Lebanon’s economic crisis led to an inflation rate of 212% in 2023. The collapse of the Lebanese economy in 2019, followed by the closure of financial institutions in 2020, prompted government restrictions on citizens’ access to their funds. In this context, stablecoins have emerged as a financial lifeline, allowing individuals to protect their savings and conduct transactions in a more stable currency.

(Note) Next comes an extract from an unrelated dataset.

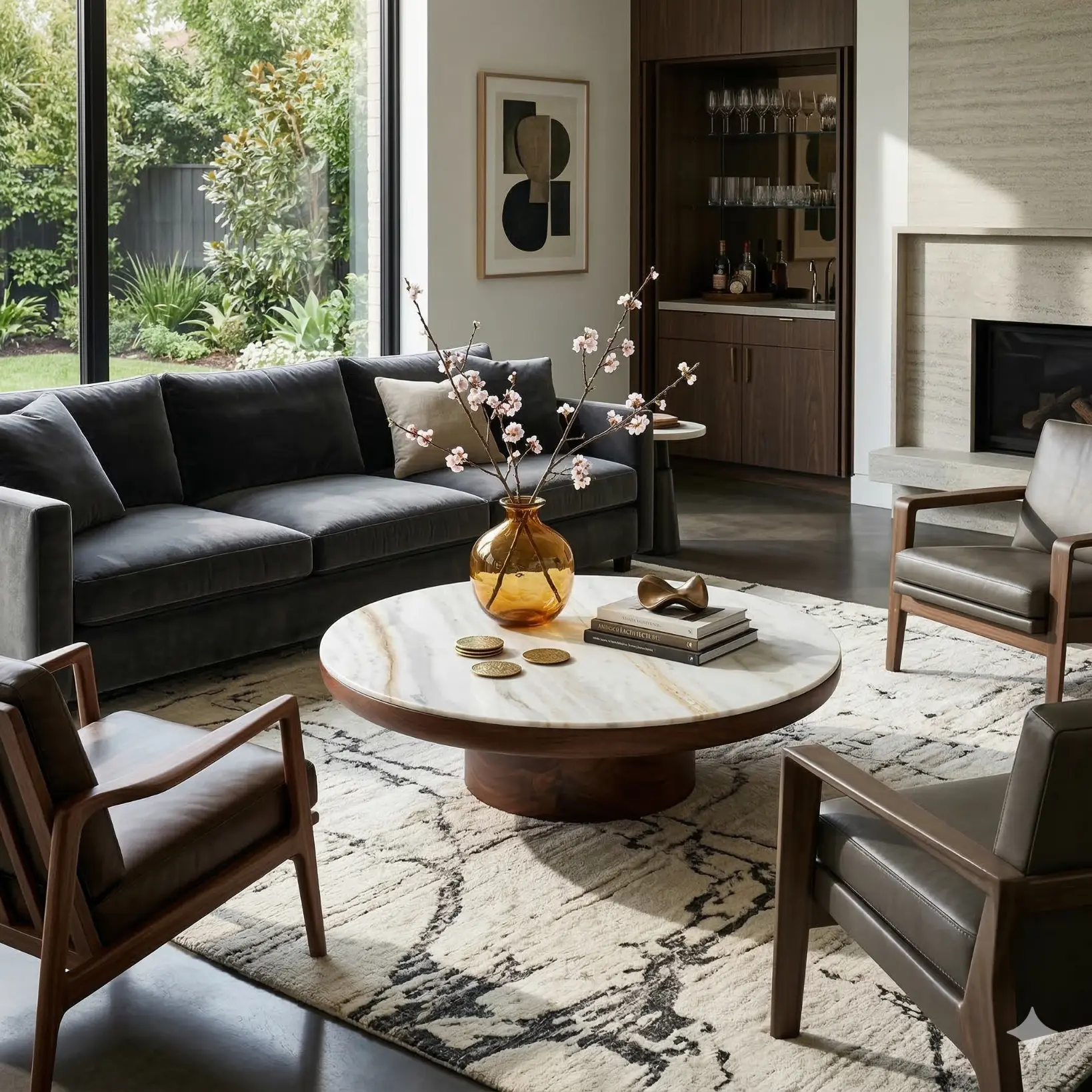 This Stromboli Coffee Table is defined by disciplined balance: a pale stone disc held on a warm timber core. The top reads light at the edge—clean, softly rounded—allowing the veining to register as a restrained graphic movement across the surface. Beneath, a cylindrical wood base concentrates the mass at the center, creating a grounded stance while keeping the perimeter open and calm. The composition is simple but precise, relying on proportion and material clarity rather than detail. In a room, it feels quiet and stable—stone and wood held in deliberate, architectural tension.

Lebanon’s inflation rate was 211% in 2023. In December 2022, the exchange rate was approximately 1 USD = 40,000 LBP. By December 2023, the Lebanese pound had depreciated further, with the exchange rate at 1 USD = 80,000 LBP.

Scenario Analysis:

  • Initial Investment (December 2022):
    • 500 USDC = 500 USD.
    • At 1 USD = 40,000 LBP, 500 USD equaled 20,000,000 LBP.
  • Value After One Year (December 2023):
    • Inflation of 211% reduced the purchasing power of 20,000,000 LBP to approximately 6,437,000 LBP.
    • At 1 USD = 80,000 LBP, 500 USD equaled 40,000,000 LBP.

Outcome:

Holding 20,000,000 LBP resulted in a real value of 6,437,000 LBP due to inflation. Holding 500 USDC preserved the value at 500 USD, now worth 40,000,000 LBP.

Sudan

Sudan faced an inflation rate of 63.3% in 2023, severely impacting the Sudanese pound’s value. While specific data on stablecoin adoption in Sudan is limited, the general trend in high-inflation countries suggests that access to stablecoins like USDC could have provided a means for Sudanese individuals to preserve their wealth and maintain purchasing power.

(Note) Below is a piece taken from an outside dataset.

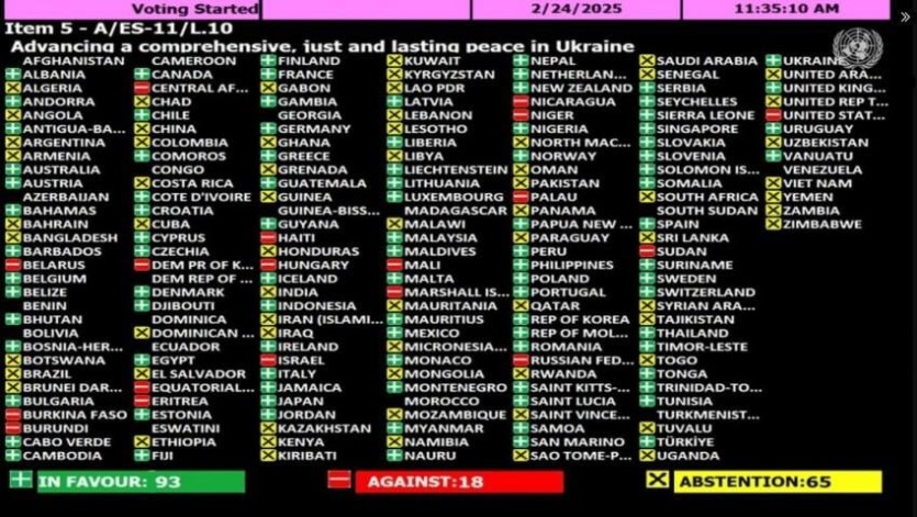 속보) 우크라이나 유엔결의안 표결결과.jpg rh1 0 129 0 2025.02.25 10:00 전쟁의 침공원인을 러시아로 한다는것에 미국과 러시아가 반발그 결과 찬성: 독일 ,영국, 프랑스, 캐나다등 93개국기권: 65개국반대: 미국, 러시아, 이스라엘 , 북한, 벨라루스 등 18개국이스라엘은 미국 따라 반대투표 0

Sudan’s inflation rate was 146.6% in December 2023. In December 2022, the exchange rate was approximately 1 USD = 570 SDG. By December 2023, the Sudanese pound had depreciated further, with the exchange rate at 1 USD = 1,200 SDG.

Scenario Analysis:

  • Initial Investment (December 2022):
    • 500 USDC = 500 USD.
    • At 1 USD = 570 SDG, 500 USD equaled 285,000 SDG.
  • Value After One Year (December 2023):
    • Inflation of 146.6% reduced the purchasing power of 285,000 SDG to approximately 115,500 SDG.
    • At 1 USD = 1,200 SDG, 500 USD equaled 600,000 SDG.

Outcome:

Holding 500 USDC preserved the value at 500 USD, now worth 600,000 SDG. Holding 285,000 SDG resulted in a real value of 115,500 SDG due to inflation.

Risks and Considerations of Stablecoin Adoption

Changes in regulations can affect the legality and use of stablecoins in certain jurisdictions, potentially leading to restrictions or bans. Additionally the value of stablecoins depends on the issuer’s ability to maintain the currency peg, and failures in this regard can lead to losses for holders.

Just like all digital assets, stablecoins are susceptible to cyberattacks and technical failures, which can compromise user funds. The use of hard wallets is advised in order to preserve your funds.

Stablecoins offer a promising tool for individuals in high-inflation countries to protect their wealth and engage in the global economy, but it is crucial to also understand the associated risks and regulatory landscapes.

Financial literacy and awareness are essential to maximize the benefits and minimize potential downsides of stablecoin adoption.